Much later, he explained his decision by saying, "I became an anthropologist, as a matter of fact not because I was interested in anthropology, but because I was trying to get out of philosophy." In considering philosophy, he felt he was stopping half-way--confining himself to the established Western tradition--while anthropology seemed to offer a chance to explore the fullest range of human thought.
But what immediately struck him in the anthropological literature was a baffling welter of marriage customs. They couldn't be entirely meaningless, because versions of the same custom appeared all over the world, and yet their variety made the idea of consistent purpose seem absurd. His effort at structural analysis was an attempt to get these data in order. This theoretical work, combined with his field research, became the basis for the papers which brought him a reputation in the American branch of the discipline.

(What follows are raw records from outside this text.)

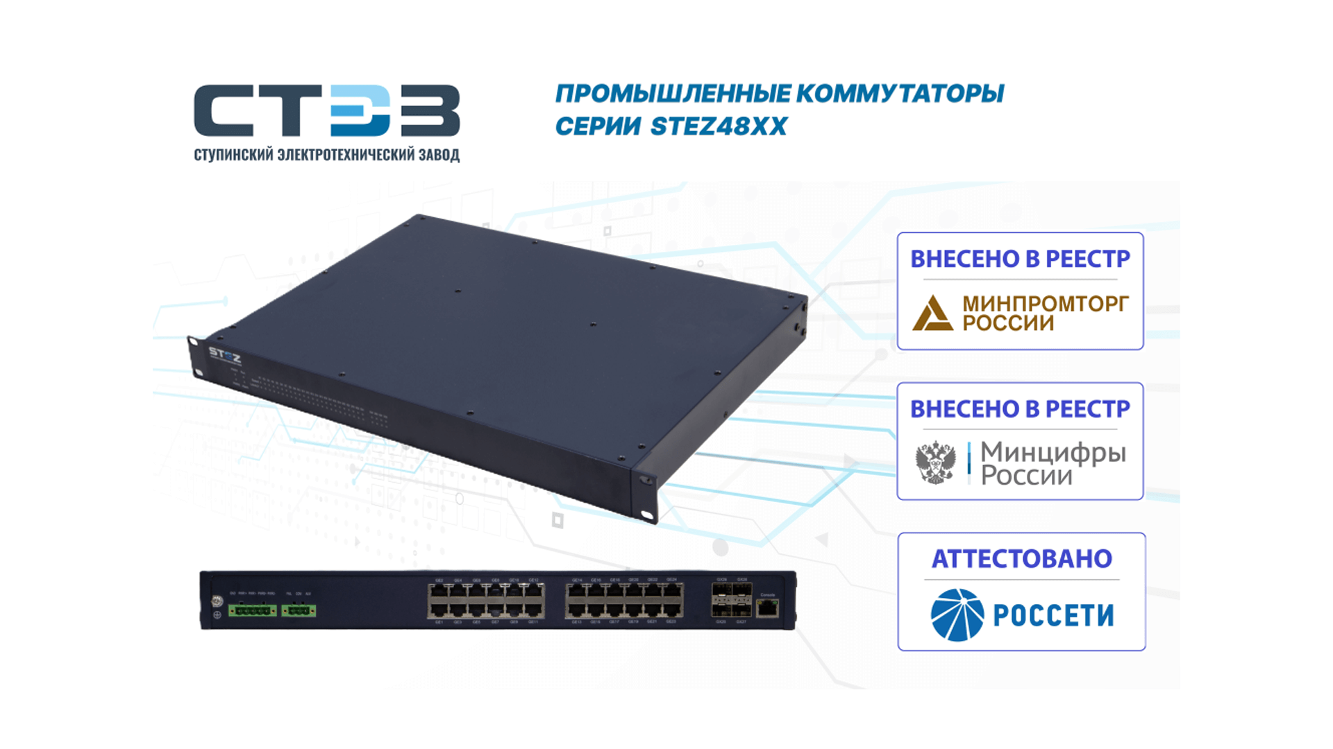 - Серия коммутаторов STEZ48xx успешно прошла все процедуры оценки соответствия и включена в Реестр промышленной продукции Минпромторга РФ.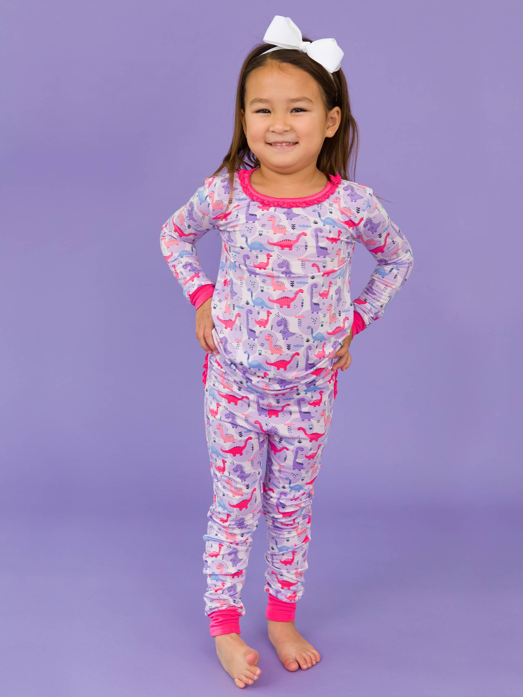 Denna volangpyjamas är mjuk och mysig mot barnets hud, med söta volanger som kommer att få dig att le. En tvåvägsdragkedja gör blöjbyten enkla, så att alla kan få en god natts sömn. Grepp på fötterna hjälper tidiga vandrare att ha stadigt fotfäste. Med vikbara vantar på storlekarna Nyfödd och 0-3 månader. Etikettfri för extra komfort. Tillverkad av vårt premium SoftSnooze™ bambuviskosmaterial, dessa pyjamasar är supermysiga, andas och är skonsamma mot känslig hud. Perfekt för att hålla sig varm på vintern men sval på sommaren. Den väx-med-mig stretch innebär att växande små kan bära dessa pyjamasar längre! Vem säger att dinosaurier inte var rosa och lila? Passar bra med Bubblegum Pink, Lavender, Periwinkle Blue, Hot Pink, Dark Navy. Skötselråd: Maskintvätt kallt; endast icke-klorblekmedel vid behov; torktumla på låg värme / För att förhindra skador och förlänga plaggets livslängd, använd tvättpåse i tvättmaskin och torktumlare. Materialinnehåll: 95% Viskos, 5% Spandex Referenskod: G3497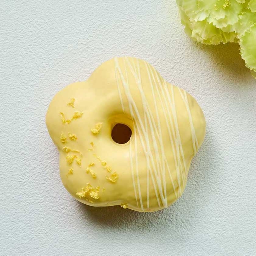 花形のブリオッシュ生地のドーナツにレモンチョコレートをコーティングし、レモンピールとホワイトチョコレートでデコレーションしました。やわらかなカラーが可愛く、レモンの風味がほのかに感じられる仕上がりです。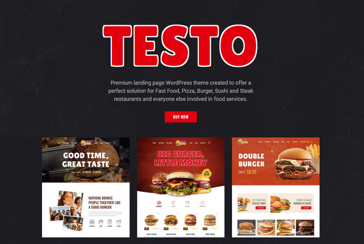 قالب Testo هو قالب حديث ومرن وقد تم تصميمه لمواقع المطاعم الخاصة بالبرجر والبيتزا والسوشي والوجبات السريعة بالإضافة إلى قسم المقهى وخدمة توصيل الطعام، وسوف يساعدك هذا القالب في إعداد موقعك الإلكتروني بكل سهولة ويسر كما أنه يحتوي على العديد من السمات والأدوات التي تجعلك تفضل استخدام هذا القالب، ومن أهم هذه السمات والأدوات ما يلي: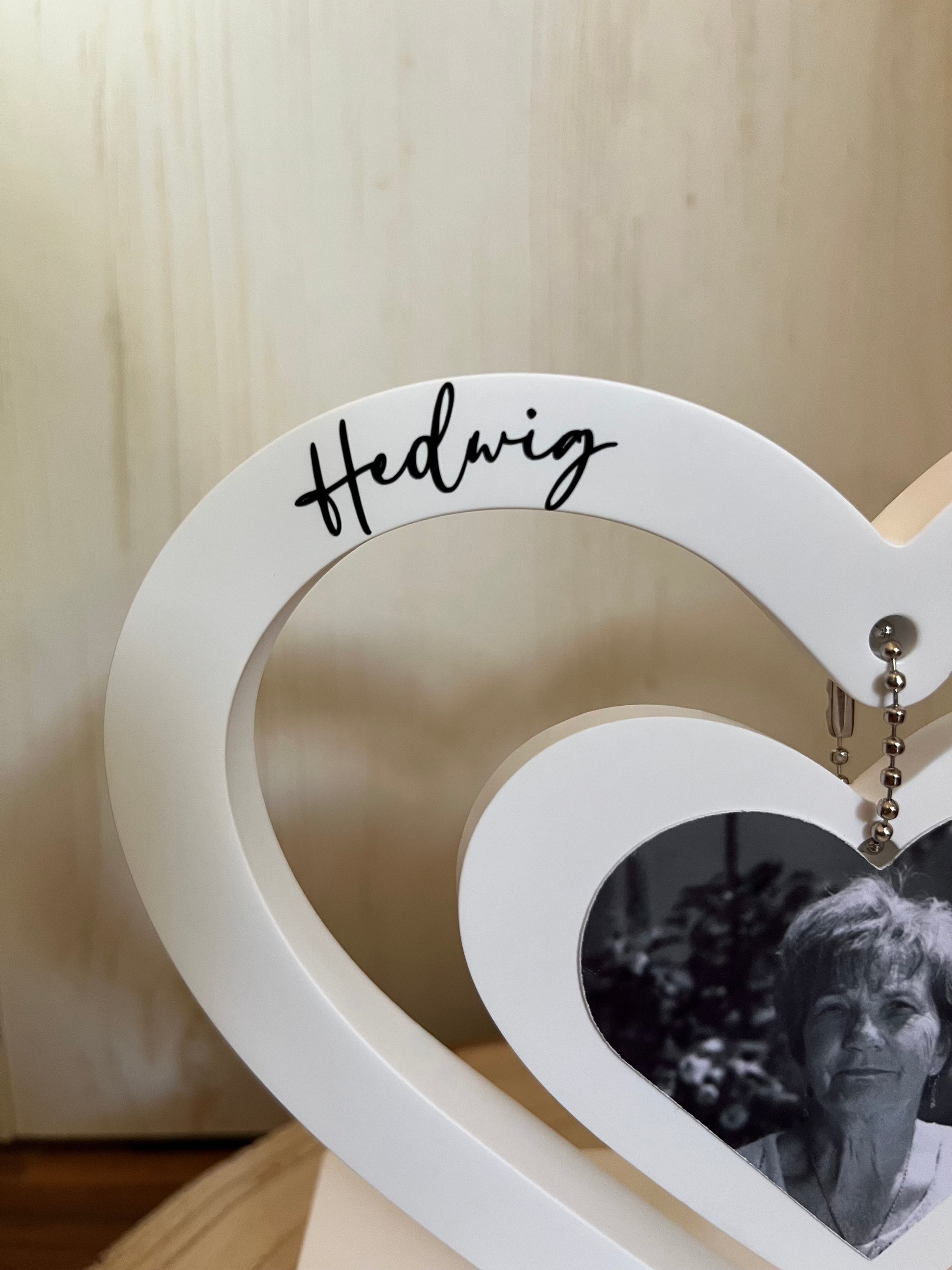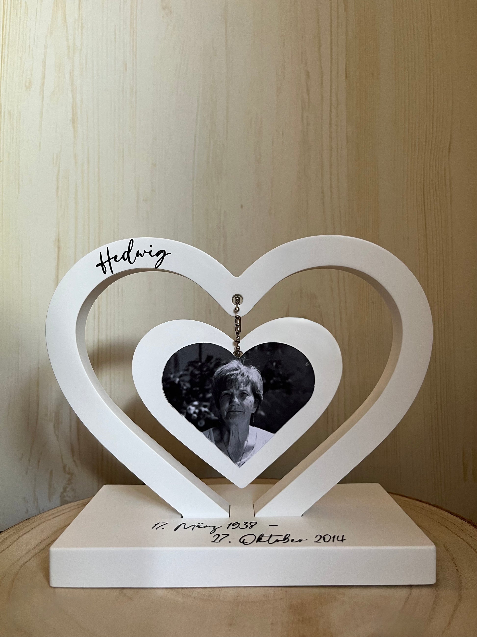 Dieses Herz bietet Raum für ein Foto sowie Name, Geburts- und Sterbedatum – dezent, stilvoll und mit viel Gefühl gestaltet.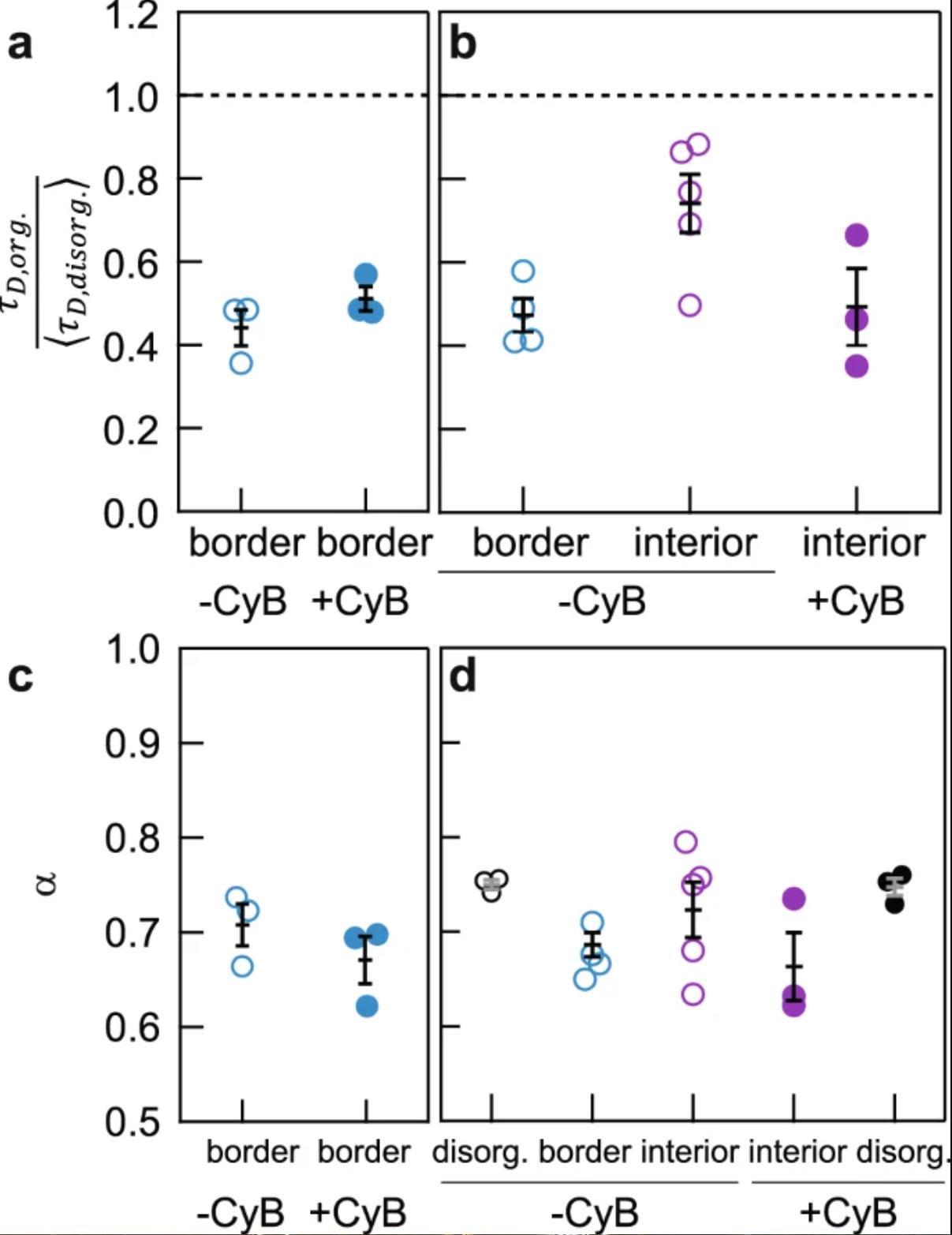 Figure 5. a, b Normalized diffusion times of BSA in actin-intact extracts, prepared without the addition of cytochalasin B (CyB). Note that the diffusion rate did not increase more during the self-organization of actin-intact extracts (open circles) than it did in actin-inhibited extracts (solid circles). The two panels are two independent experiments. c, d Degree of subdiffusion in actin-intact and actin-inhibited extracts. Data shown in panel c and d are from the same experiment shown in panel a and b, respectively. Error bars, SEM. n = {3, 3, 4, 5, 6; 3, 3, 3, 4, 5, 6, 3} measurements of different positions in an extract for data from left to right and top to bottom, respectively. Source data are provided as a Source Data file.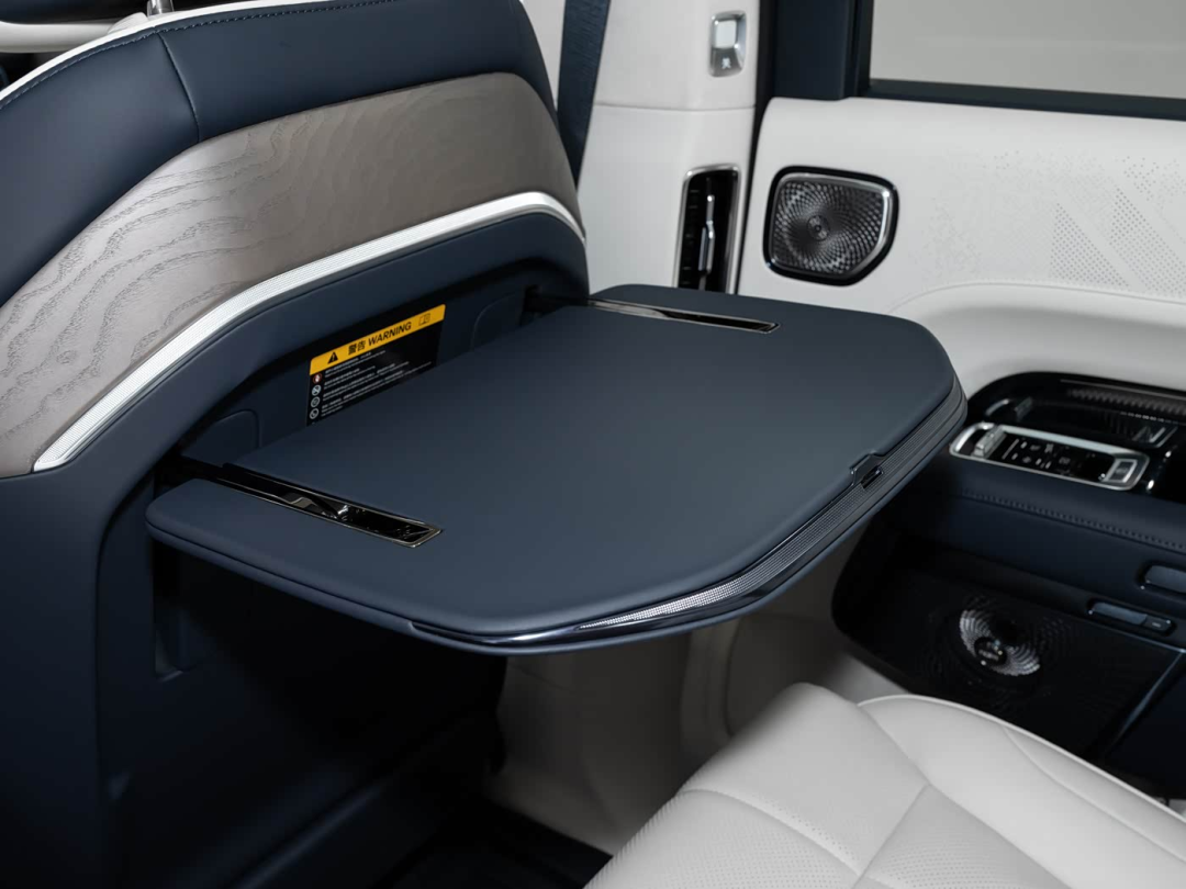 其次是功能性配置方面,这个价位的车型自然是能给都给,全车的隐私玻璃、第三排专属的独立天幕、电吸门、电动天地尾门、北欧的真木内饰、水晶旋钮、冰箱都是标配;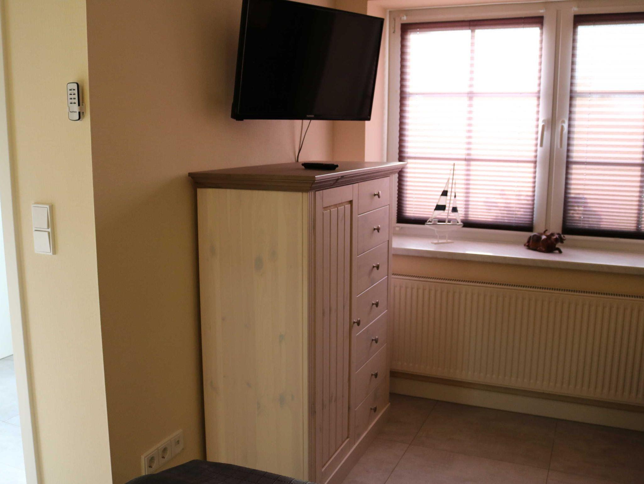 Das Schlafzimmer ist mit Boxspringbetten (80x200cm) ausgestattet, die entweder einzeln oder zusammengestellt werden können. Zwei Fernseher sorgen für Unterhaltung bei Groß und Klein.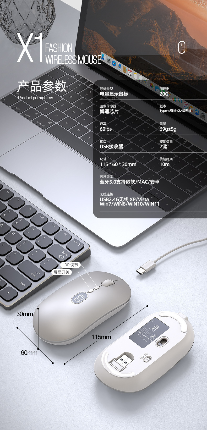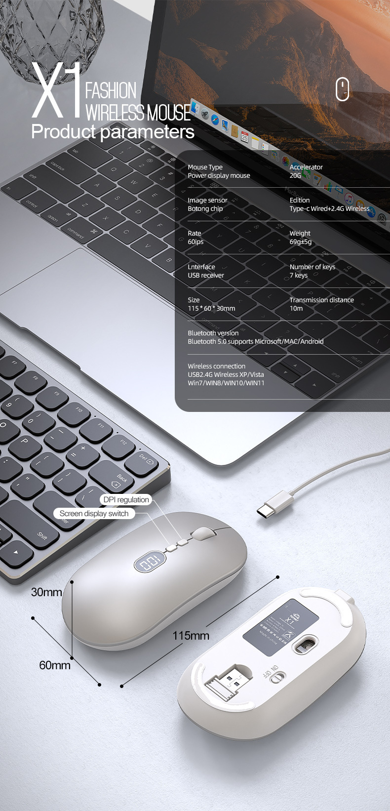 • 스크린 밀크티 화이트가 포함된 무료 Wolf X1 무선 마우스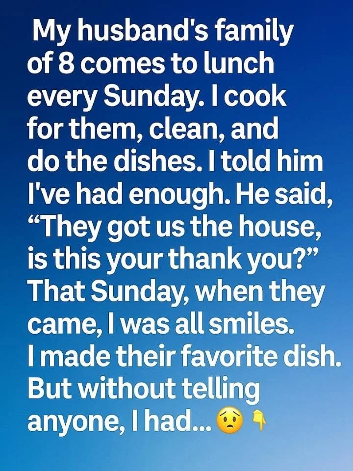 Not because I didn’t appreciate his family—but because he spoke as if I was ungrateful, as if cooking for eight people every Sunday was some small favor I was refusing to do.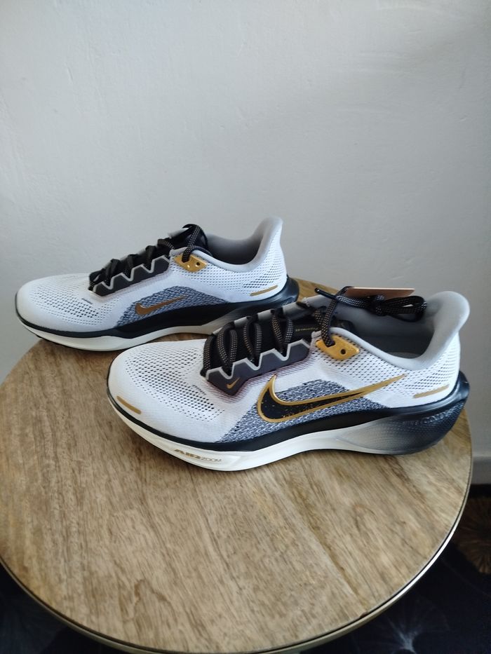 Je vends cette paire de baskets Nike. - Type de produit : Baskets - Univers : femme / homme - Marque : Nike - Modèle : Air zoom Pegasus 41 - Pointure : 39 - Couleur : noir blanc - Etat : Neuf - Boîte sans couvercle N'hésitez pas à me contacter pour plus d'informations ou de photos.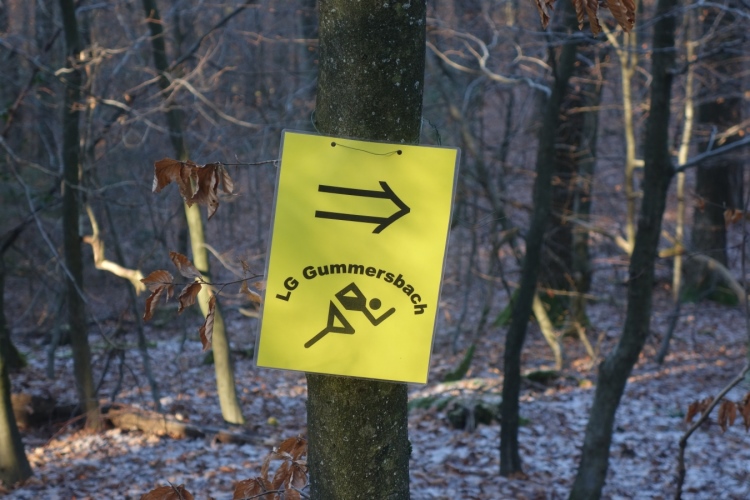 Ein Schild weist wieder auf Wurzeln hin. Und es steht auf einem orangenem zweiten Schild wieder: Achtung Cross. Ja hier ist Cross drin wo Cross drauf steht denke ich mir. Schön, dass der Veranstalter weiter den Begriff Cross verwendet und nicht den landauf und landab neudeutschen Begriff des Trails benutzt. Für die Jüngeren: Früher hießen solche Läufe auch mal Waldlauf. Aber das ist ganz lange her.
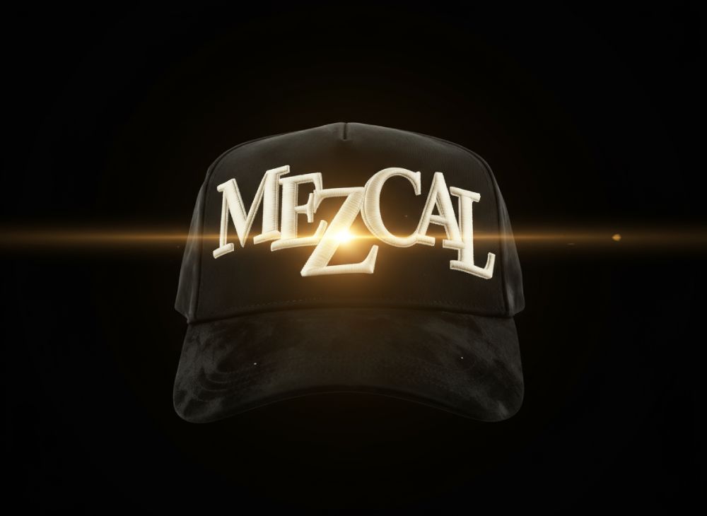 The MEZCAL cap — a statement of refinement. Black suede meets oversized ivory embroidery in a design that strips everything unnecessary and leaves only power, silence, and precision.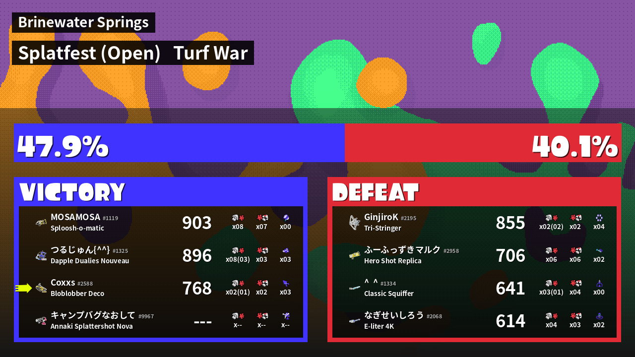 | Mode | Turf War - Splatfest (Open) | ||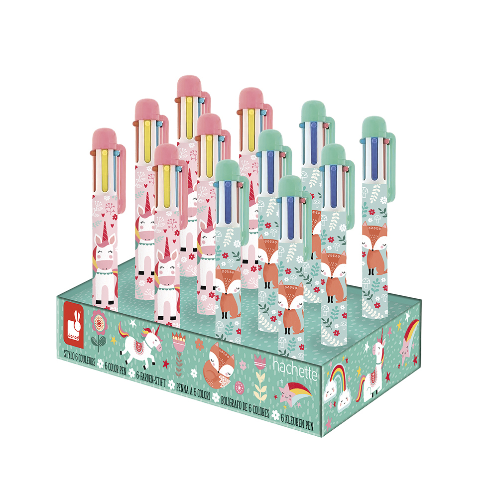 Janod DISPLEJ Vícebarevné pero 6 barev 2 motivy Jednorožec a Liška 12 ks

He returned to France for military service but, as a Jew, was forced to leave again when Germany occupied the country. He spent three years teaching at the New School for Social Research in New York City and, from 1946 to 1947, was cultural attaché to the French embassy in Washington, DC.
He returned to France in 1948 to become Professor of Ethnology at the University of Paris, assumed the Chair of Social Anthropology at the College de France in 1959, and held a series of other academic posts until his retirement.
His Brazilian field work is reflected in The Elementary Structures OF Kinship (1949) and Tristes Tropiques[?] (1955), which is a more contemplative and literary work. The major works of the 1960s and 1970s, when his influence was greatest, are the four volumes called Mythologies.
His theoretical views are set forth in Structural Anthropology (1958). Briefly, he considers culture a system of symbolic communication, to be investigated with methods that others have used more narrowly in the discussion of novels, political speeches, sports, and movies.
His reasoning makes best sense against the background of an earlier generation's social theory. He wrote about this relationship for decades.
A preference for "functionalist" explanations dominated the social sciences from the turn of the century through the 1950s, which is to say that anthropologists and sociologists tried to state what a social act or institution was for. The existence of a thing was explained if it fulfilled a function. The only strong alternative to that kind of analysis was historical explanation, accounting for the existence of a social fact by saying how it came to be.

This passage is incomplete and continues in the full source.